L’utilisation des produits de contraste ultrasonographique (PCUS) est décrite comme outil dans l’analyse de la plaque athéromateuse carotidienne afin d’en définir le surrisque éventuel. En effet, le rehaussement intraplaque après injection de produit de contraste est estimé proportionnel au degré de néovascularisation intraplaque. Cette néoangiogenèse est la cause des hémorragies intraplaques, responsables des complications.
L’objectif de cette étude était d’analyser la corrélation entre le rehaussement de la plaque carotidienne asymptomatique et son analyse histologique et immunohistochimique. C’est une étude sur 3 ans (janvier 2014 à décembre 2016), prospective, monocentrique. Elle a concerné 58 patients avec une moyenne d’âge de 73 ans, 33 hommes pour 25 femmes, qui ont été hospitalisés pour bénéficier d’une endartériectomie carotidienne pour une lésion ≥ 70%, asymptomatique.
L’estimation du degré de sténose était réalisée par technique écho-Doppler pour une estimation NASCET (vitesse maximale systolique ≥ 230 cm/sec, rapport carotidien ≥ 4), par réduction du diamètre pour l’estimation ECST et par CT scanner.
L’aspect échographique de la plaque était apprécié selon la classification de Gray-Weale*.

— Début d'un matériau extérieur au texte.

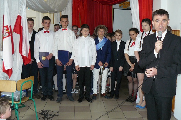 225 lat temu posłowie wybrani przez obywateli Rzeczypospolitej przyjęli pierwszą europejską konstytucję. W swoim wystąpieniu uczniowie przybliżyli znaczenie tego wydarzenia w historii naszej Ojczyzny. Przypomnieli tło historyczne wydarzeń z 3 maja 1791r. i wyjaśnili, dlaczego jest to nadal tak ważny dzień dla Polski. W uroczystości brał udział poczet sztandarowy naszej szkoły. Nie zabrakło biało – czerwonej flagi państwowej oraz hymnu. Zwrócono uwagę na doniosłość Konstytucji 3 Maja. Po odśpiewaniu hymnu narodowego uczniowie zaprezentowali montaż słowno – muzyczno - teatralny, oddający klimat tamtych czasów. Młodzież ten nadzwyczajny temat przygotowała i przedstawiła w sposób bardzo ciekawy i wniosła dużo serca i zaangażowania. Występ prowadzili chłopcy z klasy III gimnazjum – Jakub Żelazko i Dawid Wojciechowski.

L’acquisition avec injection de produit de contraste était réalisée après injection de 4 ml de produit (hexafluorure de sodium) et rinçage par 5 ml de sérum salé à l’aide d’un cathéter antébrachial. L’index mécanique de la machine était réglé à 0,13 afin de diminuer la destruction des microbulles. Le rehaussement intra luminal était observé entre 15 et 30 secondes après l’injection de produit de contraste. Des clichés ont été réalisés à T 3 secondes avant et T 5 minutes après l’apparition du produit de contraste dans la lumière carotidienne. Un clip était réalisé durant le rehaussement. L’analyse du rehaussement était semi-quantitative, appliquant une classification en 3 grades : grade 0 : absence de rehaussement visible ; grade 1 : rehaussement marginal le long de l’adventice correspondant aux vasa-vasorum physiologiques ; grade 2 : rehaussement diffus et massif. Pour simplifier l’appréciation du rehaussement, les plaques seront classées en 2 niveaux, négatif pour les grades 0 et positif pour les grades 1 et 2 avec un agrément inter-observateur de 0,89 et un K à 0,78 (95% CI 0,67-0,90, p < 0,001).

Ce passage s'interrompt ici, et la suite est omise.